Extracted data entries
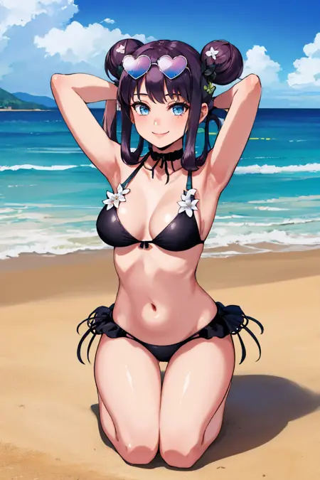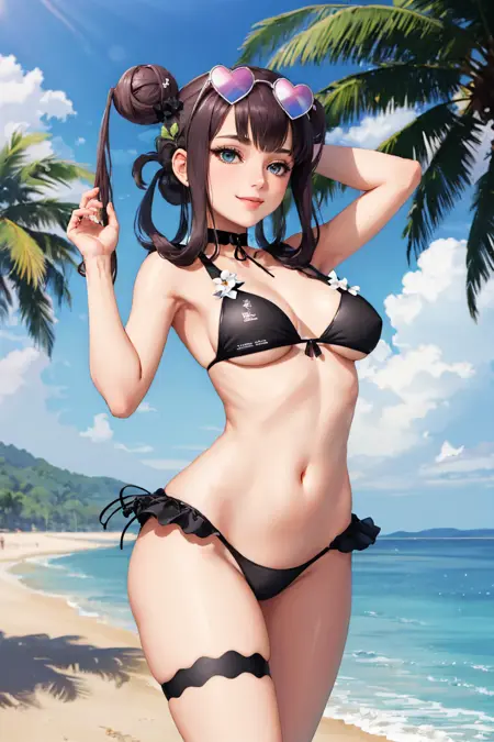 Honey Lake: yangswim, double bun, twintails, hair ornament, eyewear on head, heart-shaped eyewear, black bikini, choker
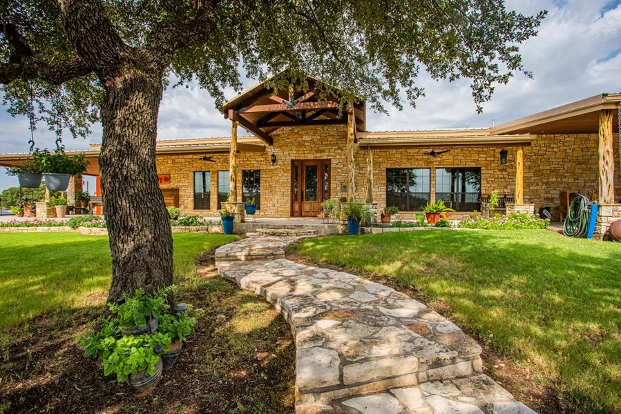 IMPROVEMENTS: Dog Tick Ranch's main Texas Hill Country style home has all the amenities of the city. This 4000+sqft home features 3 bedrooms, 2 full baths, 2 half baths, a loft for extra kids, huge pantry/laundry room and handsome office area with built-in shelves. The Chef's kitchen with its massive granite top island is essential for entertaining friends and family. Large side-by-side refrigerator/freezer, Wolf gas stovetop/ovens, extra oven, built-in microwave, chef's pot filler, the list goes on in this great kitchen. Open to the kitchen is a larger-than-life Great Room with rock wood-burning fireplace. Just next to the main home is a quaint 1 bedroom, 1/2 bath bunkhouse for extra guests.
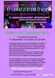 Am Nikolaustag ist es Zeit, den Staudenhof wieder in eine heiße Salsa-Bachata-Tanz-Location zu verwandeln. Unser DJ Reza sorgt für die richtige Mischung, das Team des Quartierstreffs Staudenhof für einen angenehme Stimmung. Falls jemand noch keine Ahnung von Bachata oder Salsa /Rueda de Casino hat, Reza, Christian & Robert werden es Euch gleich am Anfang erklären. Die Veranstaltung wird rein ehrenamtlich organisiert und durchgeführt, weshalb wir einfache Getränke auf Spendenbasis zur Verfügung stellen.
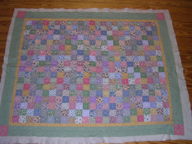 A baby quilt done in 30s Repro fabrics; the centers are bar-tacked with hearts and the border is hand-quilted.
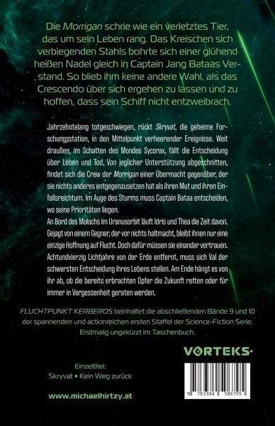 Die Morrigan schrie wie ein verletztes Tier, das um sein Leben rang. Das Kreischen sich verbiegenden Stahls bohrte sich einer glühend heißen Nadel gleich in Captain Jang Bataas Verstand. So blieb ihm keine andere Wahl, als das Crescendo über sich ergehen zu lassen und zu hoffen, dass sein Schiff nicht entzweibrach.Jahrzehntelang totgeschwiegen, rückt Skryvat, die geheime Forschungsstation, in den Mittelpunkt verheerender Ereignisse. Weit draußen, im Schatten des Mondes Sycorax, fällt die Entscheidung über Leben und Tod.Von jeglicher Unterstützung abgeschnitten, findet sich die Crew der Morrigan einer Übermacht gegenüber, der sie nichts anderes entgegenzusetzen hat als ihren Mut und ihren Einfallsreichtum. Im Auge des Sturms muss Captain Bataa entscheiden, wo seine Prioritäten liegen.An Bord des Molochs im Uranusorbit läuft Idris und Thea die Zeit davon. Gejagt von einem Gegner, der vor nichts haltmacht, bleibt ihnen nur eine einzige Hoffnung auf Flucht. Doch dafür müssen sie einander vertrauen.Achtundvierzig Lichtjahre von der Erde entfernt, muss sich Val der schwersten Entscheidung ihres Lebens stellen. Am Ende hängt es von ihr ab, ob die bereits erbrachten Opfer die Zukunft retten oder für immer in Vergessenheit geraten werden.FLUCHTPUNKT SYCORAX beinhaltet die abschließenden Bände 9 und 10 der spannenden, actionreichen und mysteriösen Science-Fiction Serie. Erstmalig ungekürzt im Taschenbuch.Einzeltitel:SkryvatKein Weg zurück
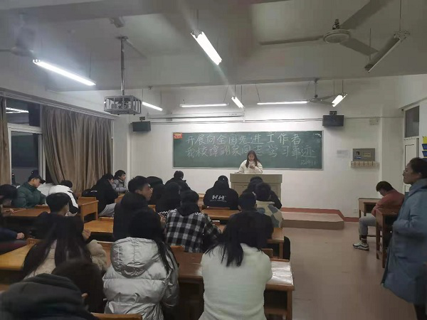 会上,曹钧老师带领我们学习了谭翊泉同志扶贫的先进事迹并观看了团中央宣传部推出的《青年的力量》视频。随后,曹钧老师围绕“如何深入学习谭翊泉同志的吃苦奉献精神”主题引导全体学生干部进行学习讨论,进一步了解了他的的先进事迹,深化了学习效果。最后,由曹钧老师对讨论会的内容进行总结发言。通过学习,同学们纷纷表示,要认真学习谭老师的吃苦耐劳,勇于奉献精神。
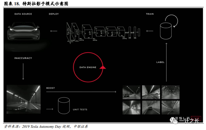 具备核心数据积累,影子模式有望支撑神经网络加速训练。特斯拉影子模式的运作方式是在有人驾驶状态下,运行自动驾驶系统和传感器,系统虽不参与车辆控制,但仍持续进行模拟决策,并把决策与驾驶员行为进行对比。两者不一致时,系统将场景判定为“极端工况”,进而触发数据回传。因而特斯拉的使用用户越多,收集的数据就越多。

=== INSTRUCTIONS FOR THE TASK ===
Up to and including the line that contains "IMPROVEMENTS: Dog Tick", print the records above exactly from their first line, without any pictures.

=== REPLY ===
 Honey Lake: yangswim, double bun, twintails, hair ornament, eyewear on head, heart-shaped eyewear, black bikini, choker
 IMPROVEMENTS: Dog Tick Ranch's main Texas Hill Country style home has all the amenities of the city. This 4000+sqft home features 3 bedrooms, 2 full baths, 2 half baths, a loft for extra kids, huge pantry/laundry room and handsome office area with built-in shelves. The Chef's kitchen with its massive granite top island is essential for entertaining friends and family. Large side-by-side refrigerator/freezer, Wolf gas stovetop/ovens, extra oven, built-in microwave, chef's pot filler, the list goes on in this great kitchen. Open to the kitchen is a larger-than-life Great Room with rock wood-burning fireplace. Just next to the main home is a quaint 1 bedroom, 1/2 bath bunkhouse for extra guests.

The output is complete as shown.